Instructions to follow: In the entries below, which lines run from the one with "- Wat is de" through the one with "order) MOQ 400"? Repeat exactly those, both included, and no pictures.

Records for this task:
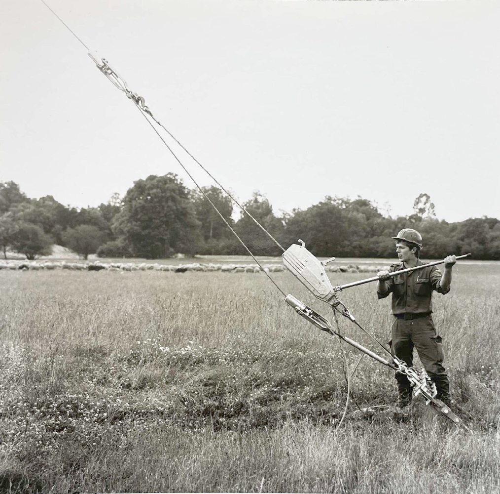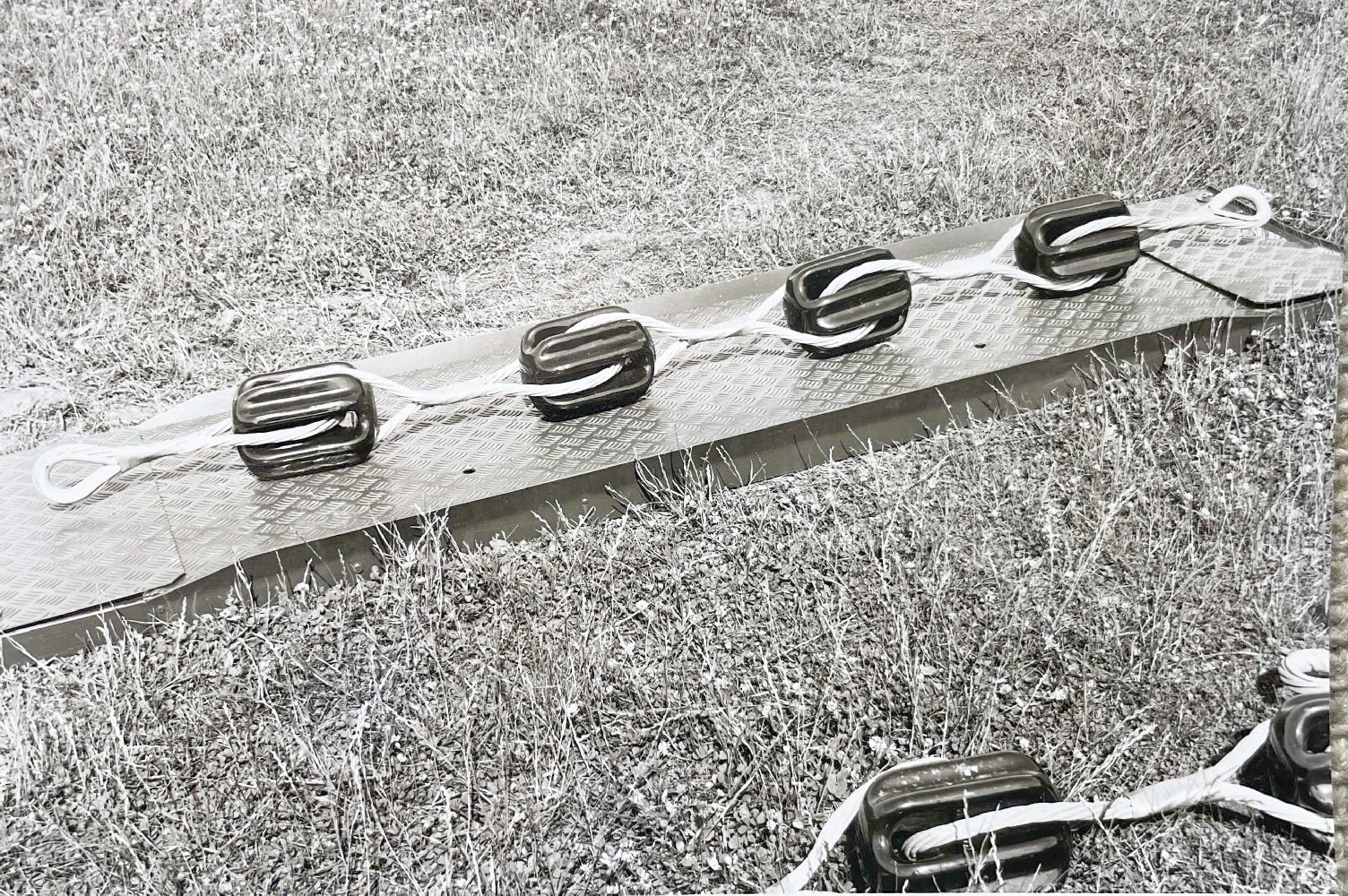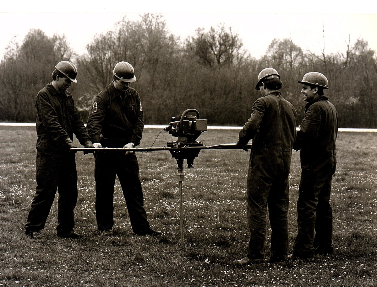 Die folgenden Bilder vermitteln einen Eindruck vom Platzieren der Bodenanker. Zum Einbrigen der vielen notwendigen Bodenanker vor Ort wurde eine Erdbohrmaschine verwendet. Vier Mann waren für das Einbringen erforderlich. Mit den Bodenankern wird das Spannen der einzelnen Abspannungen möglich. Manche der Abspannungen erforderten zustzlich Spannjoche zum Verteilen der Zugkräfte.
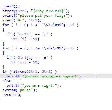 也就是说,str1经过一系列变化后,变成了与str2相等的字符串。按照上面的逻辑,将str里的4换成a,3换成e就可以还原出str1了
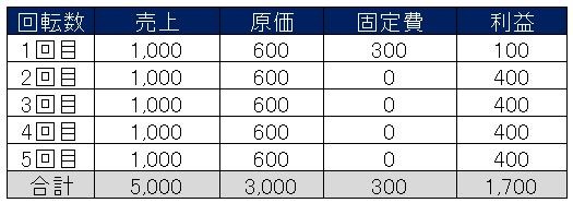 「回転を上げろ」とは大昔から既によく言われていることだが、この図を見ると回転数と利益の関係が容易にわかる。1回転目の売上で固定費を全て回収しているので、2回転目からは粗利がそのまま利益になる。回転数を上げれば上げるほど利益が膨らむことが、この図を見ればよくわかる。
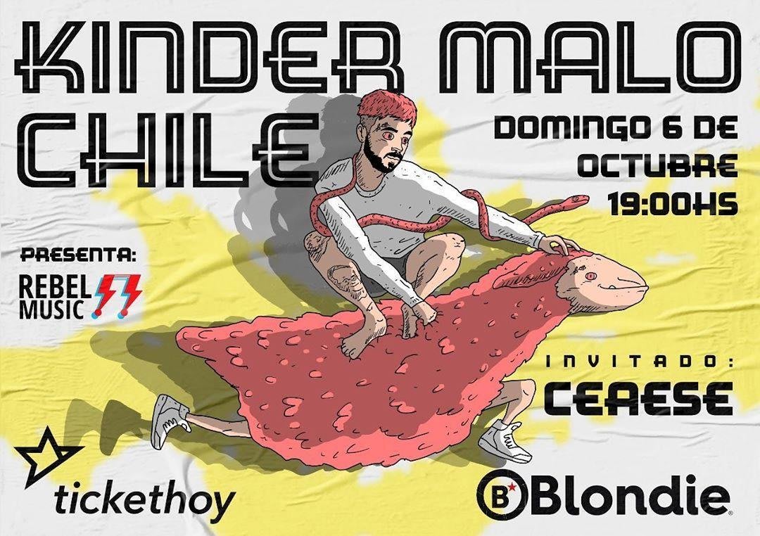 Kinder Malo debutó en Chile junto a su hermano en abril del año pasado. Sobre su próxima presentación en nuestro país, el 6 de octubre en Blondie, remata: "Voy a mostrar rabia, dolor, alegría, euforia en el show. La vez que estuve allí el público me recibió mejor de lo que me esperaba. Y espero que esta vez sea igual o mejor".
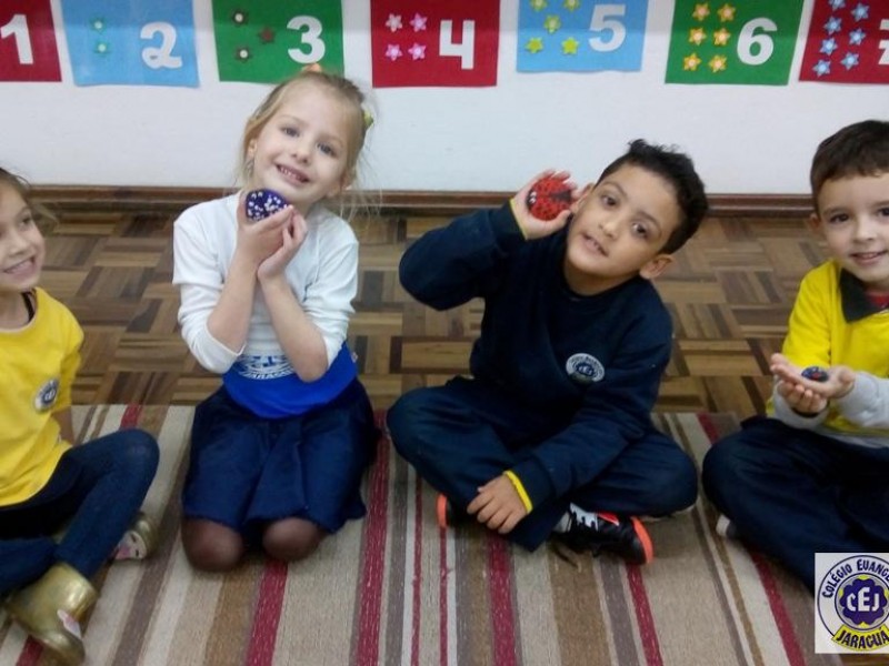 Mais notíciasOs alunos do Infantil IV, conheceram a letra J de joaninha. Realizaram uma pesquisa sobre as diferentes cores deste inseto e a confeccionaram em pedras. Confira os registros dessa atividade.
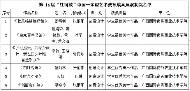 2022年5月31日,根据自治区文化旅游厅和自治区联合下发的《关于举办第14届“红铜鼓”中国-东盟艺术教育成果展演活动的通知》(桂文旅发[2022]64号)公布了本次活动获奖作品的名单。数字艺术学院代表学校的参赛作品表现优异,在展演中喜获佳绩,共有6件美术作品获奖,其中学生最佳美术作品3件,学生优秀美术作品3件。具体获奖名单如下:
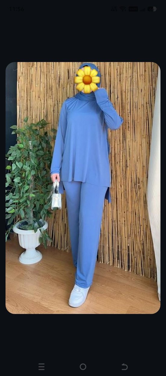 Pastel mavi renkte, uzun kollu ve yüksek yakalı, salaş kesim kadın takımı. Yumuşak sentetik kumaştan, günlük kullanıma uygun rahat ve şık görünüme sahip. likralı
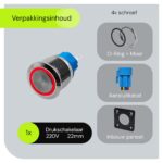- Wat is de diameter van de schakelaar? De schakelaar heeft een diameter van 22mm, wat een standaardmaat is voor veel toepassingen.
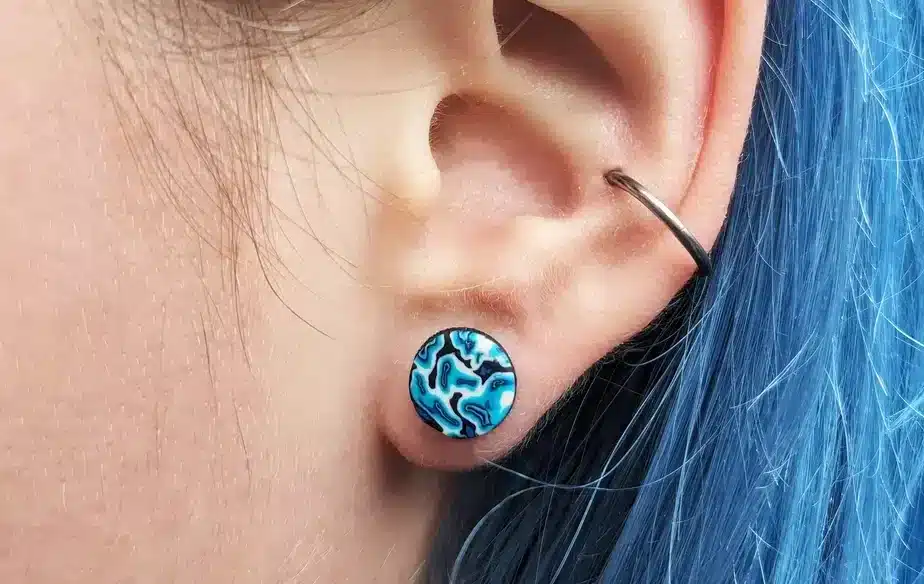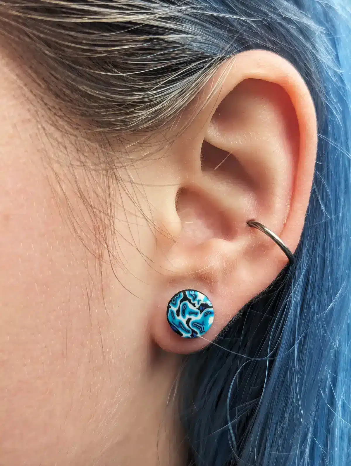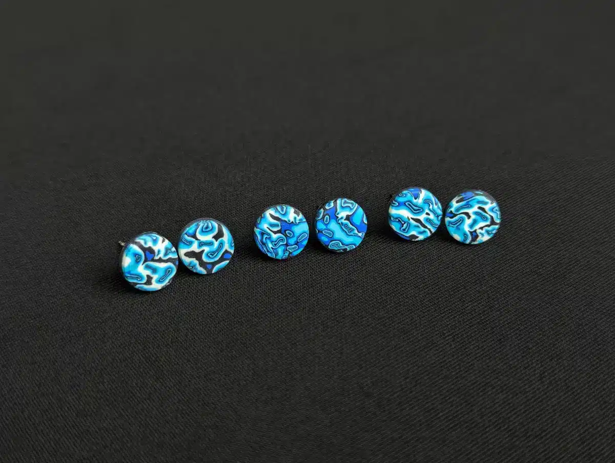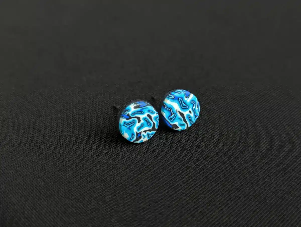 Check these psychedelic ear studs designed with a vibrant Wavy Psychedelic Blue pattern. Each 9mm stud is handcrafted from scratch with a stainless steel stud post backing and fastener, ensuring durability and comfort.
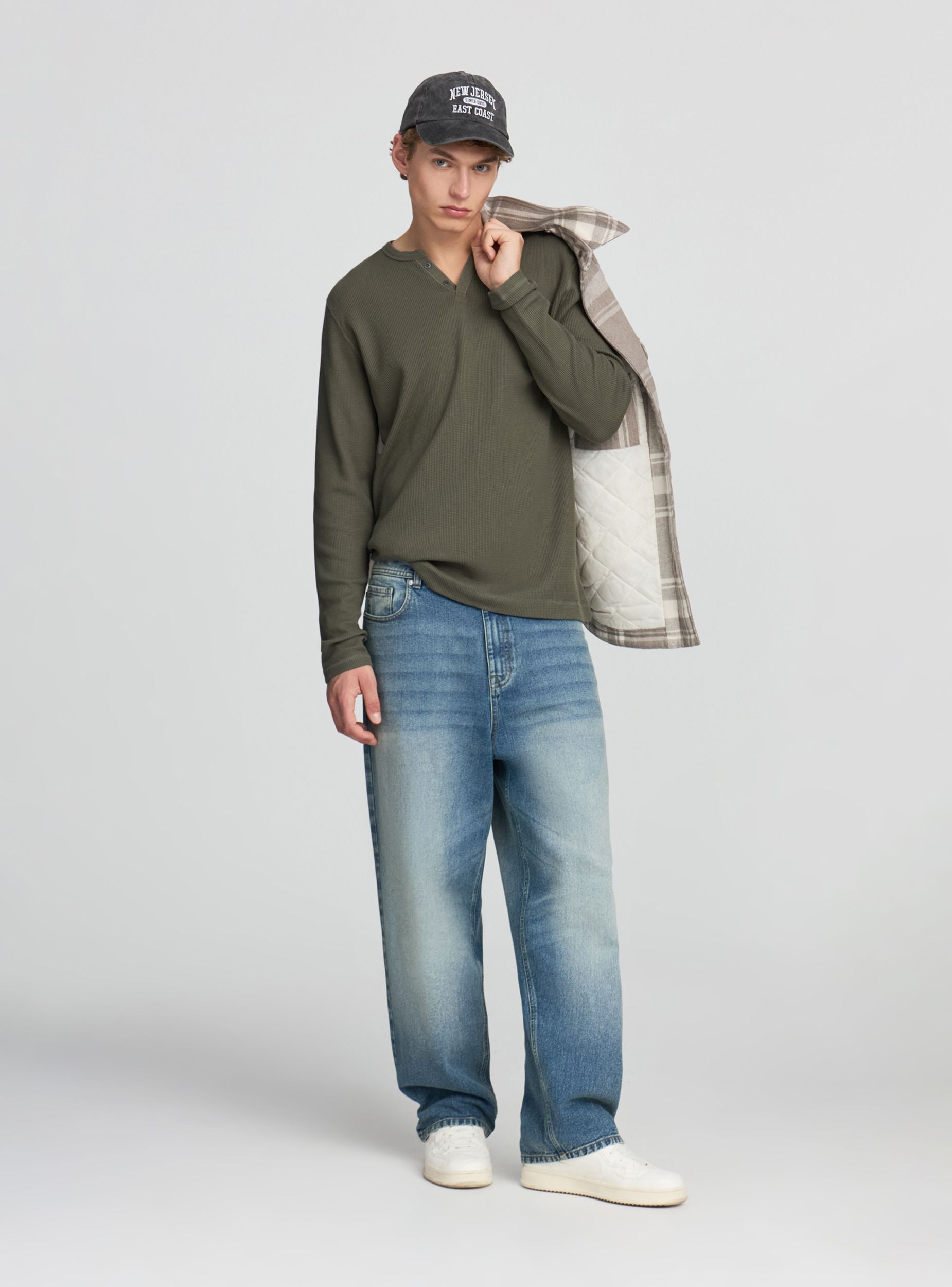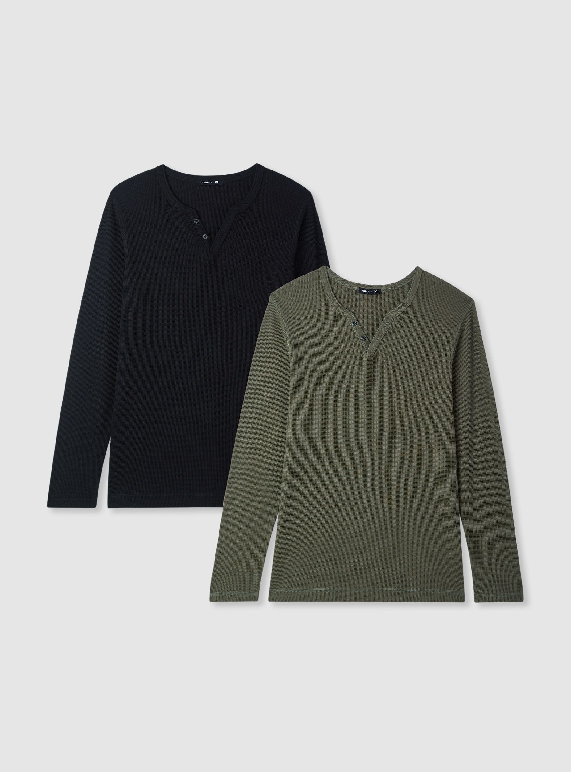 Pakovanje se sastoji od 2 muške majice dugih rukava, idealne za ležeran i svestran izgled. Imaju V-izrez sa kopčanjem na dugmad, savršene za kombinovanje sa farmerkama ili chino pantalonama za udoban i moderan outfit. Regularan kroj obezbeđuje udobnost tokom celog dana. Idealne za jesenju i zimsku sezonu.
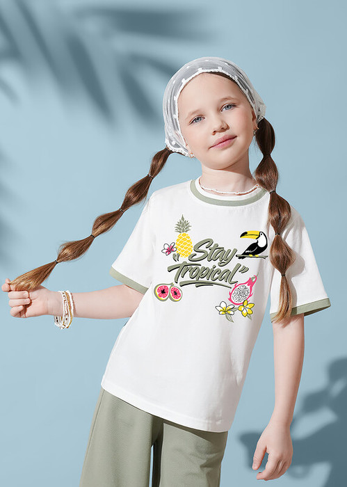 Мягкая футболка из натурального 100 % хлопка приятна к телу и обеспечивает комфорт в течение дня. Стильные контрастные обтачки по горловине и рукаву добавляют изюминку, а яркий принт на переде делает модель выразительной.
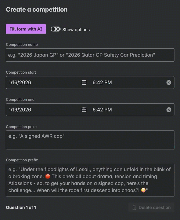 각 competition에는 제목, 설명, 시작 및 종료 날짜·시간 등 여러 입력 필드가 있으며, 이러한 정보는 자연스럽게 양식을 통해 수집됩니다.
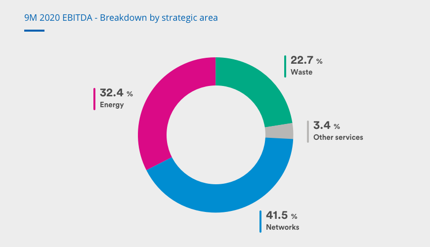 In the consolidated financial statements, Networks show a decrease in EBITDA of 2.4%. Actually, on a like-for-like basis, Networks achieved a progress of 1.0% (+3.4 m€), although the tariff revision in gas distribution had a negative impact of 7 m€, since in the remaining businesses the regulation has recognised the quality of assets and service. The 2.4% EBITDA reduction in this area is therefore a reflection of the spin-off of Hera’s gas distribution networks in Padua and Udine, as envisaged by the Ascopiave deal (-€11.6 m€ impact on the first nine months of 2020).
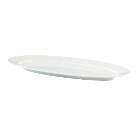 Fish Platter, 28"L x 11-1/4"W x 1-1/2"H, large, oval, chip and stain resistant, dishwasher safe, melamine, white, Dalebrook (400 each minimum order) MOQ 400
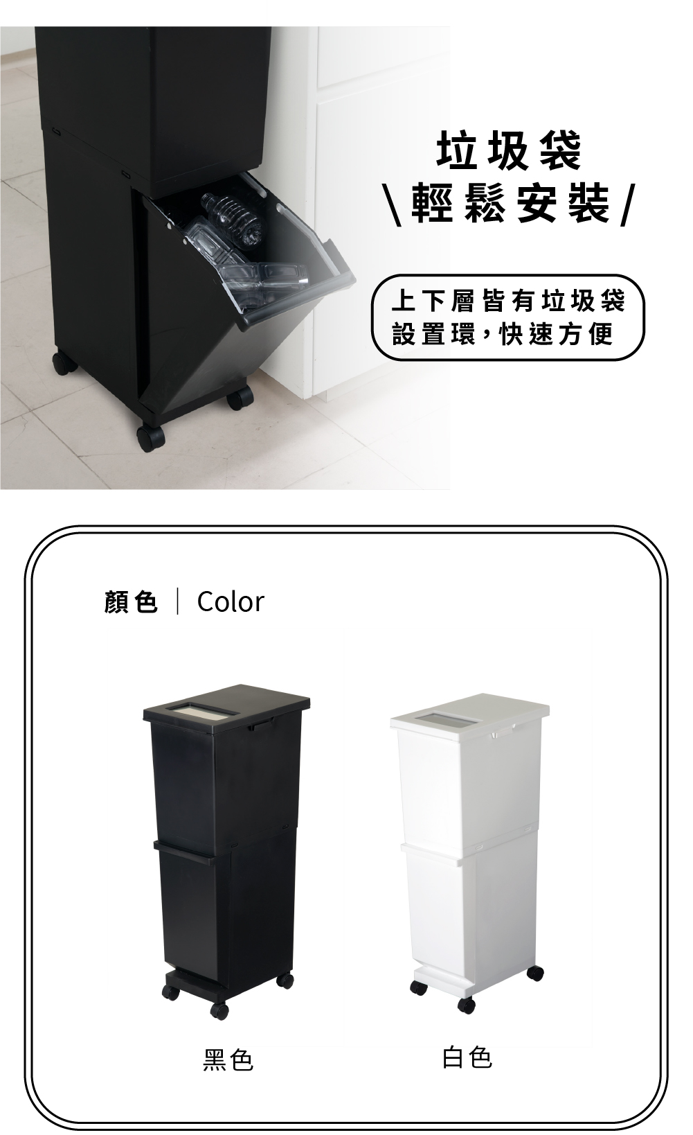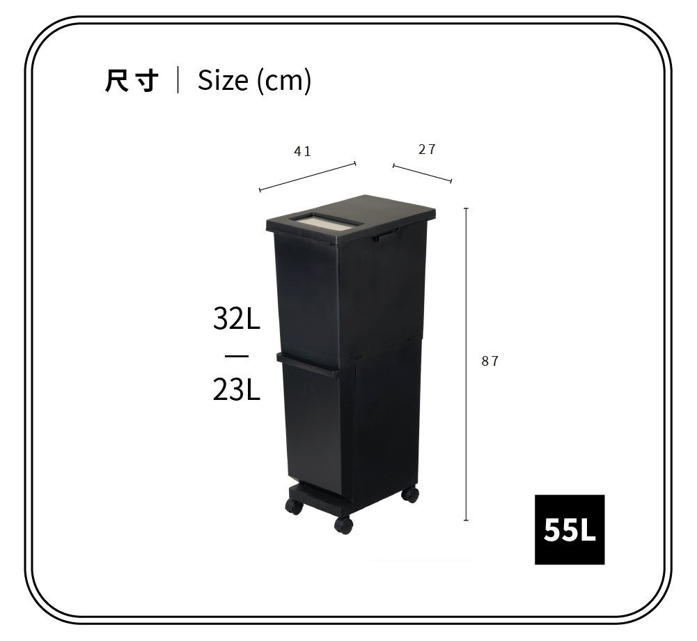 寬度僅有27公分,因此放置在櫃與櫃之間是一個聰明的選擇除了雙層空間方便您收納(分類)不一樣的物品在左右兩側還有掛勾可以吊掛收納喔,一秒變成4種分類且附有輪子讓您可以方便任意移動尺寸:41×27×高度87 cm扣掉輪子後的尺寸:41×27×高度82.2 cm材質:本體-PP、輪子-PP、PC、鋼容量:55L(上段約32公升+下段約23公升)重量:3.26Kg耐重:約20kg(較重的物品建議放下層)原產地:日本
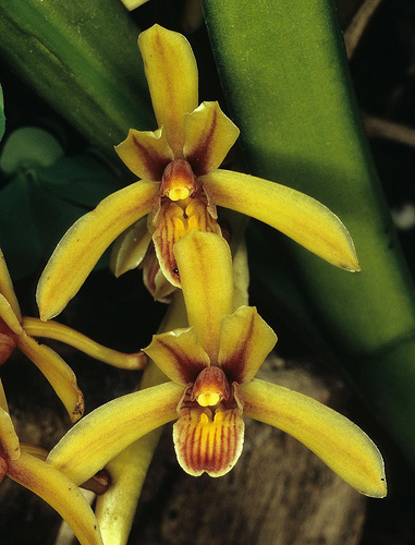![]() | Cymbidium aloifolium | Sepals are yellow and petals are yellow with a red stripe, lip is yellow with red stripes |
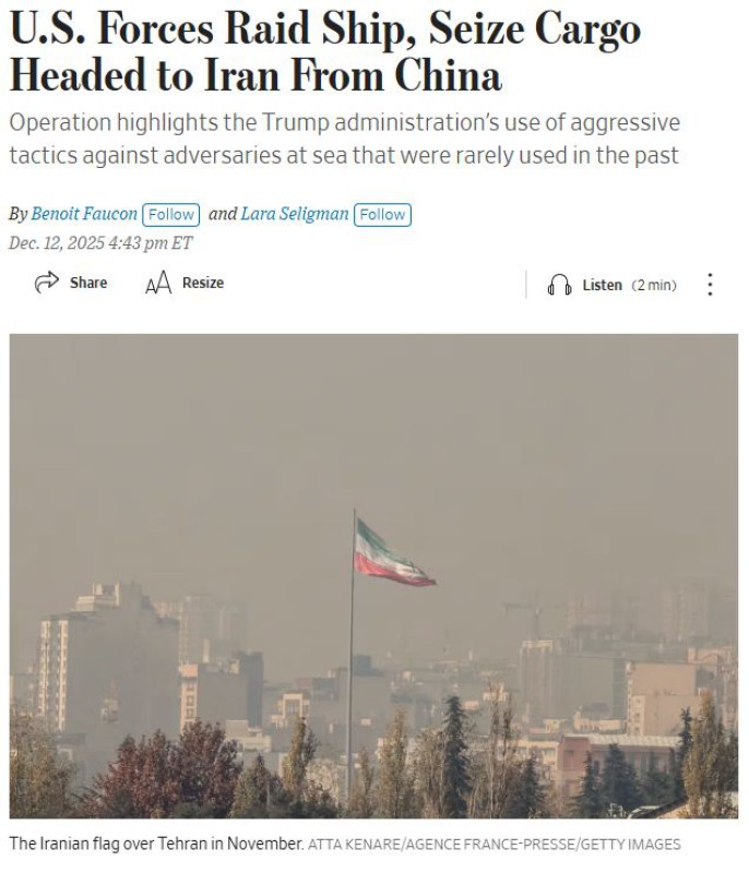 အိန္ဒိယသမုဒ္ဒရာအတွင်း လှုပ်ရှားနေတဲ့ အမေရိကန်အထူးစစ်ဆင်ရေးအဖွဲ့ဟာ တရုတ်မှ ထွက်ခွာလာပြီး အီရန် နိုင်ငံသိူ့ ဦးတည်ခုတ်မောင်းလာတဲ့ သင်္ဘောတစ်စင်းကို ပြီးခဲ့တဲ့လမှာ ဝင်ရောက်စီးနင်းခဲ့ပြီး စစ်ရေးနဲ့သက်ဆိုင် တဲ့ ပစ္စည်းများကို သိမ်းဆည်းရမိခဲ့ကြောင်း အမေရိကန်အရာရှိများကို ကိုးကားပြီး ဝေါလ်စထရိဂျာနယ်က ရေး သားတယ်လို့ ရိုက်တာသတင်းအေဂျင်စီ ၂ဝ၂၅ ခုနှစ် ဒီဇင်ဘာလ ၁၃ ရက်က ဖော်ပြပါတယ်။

Solution to this task:
- Wat is de diameter van de schakelaar? De schakelaar heeft een diameter van 22mm, wat een standaardmaat is voor veel toepassingen.
 Check these psychedelic ear studs designed with a vibrant Wavy Psychedelic Blue pattern. Each 9mm stud is handcrafted from scratch with a stainless steel stud post backing and fastener, ensuring durability and comfort.
 Pakovanje se sastoji od 2 muške majice dugih rukava, idealne za ležeran i svestran izgled. Imaju V-izrez sa kopčanjem na dugmad, savršene za kombinovanje sa farmerkama ili chino pantalonama za udoban i moderan outfit. Regularan kroj obezbeđuje udobnost tokom celog dana. Idealne za jesenju i zimsku sezonu.
 Мягкая футболка из натурального 100 % хлопка приятна к телу и обеспечивает комфорт в течение дня. Стильные контрастные обтачки по горловине и рукаву добавляют изюминку, а яркий принт на переде делает модель выразительной.
 각 competition에는 제목, 설명, 시작 및 종료 날짜·시간 등 여러 입력 필드가 있으며, 이러한 정보는 자연스럽게 양식을 통해 수집됩니다.
 In the consolidated financial statements, Networks show a decrease in EBITDA of 2.4%. Actually, on a like-for-like basis, Networks achieved a progress of 1.0% (+3.4 m€), although the tariff revision in gas distribution had a negative impact of 7 m€, since in the remaining businesses the regulation has recognised the quality of assets and service. The 2.4% EBITDA reduction in this area is therefore a reflection of the spin-off of Hera’s gas distribution networks in Padua and Udine, as envisaged by the Ascopiave deal (-€11.6 m€ impact on the first nine months of 2020).
 Fish Platter, 28"L x 11-1/4"W x 1-1/2"H, large, oval, chip and stain resistant, dishwasher safe, melamine, white, Dalebrook (400 each minimum order) MOQ 400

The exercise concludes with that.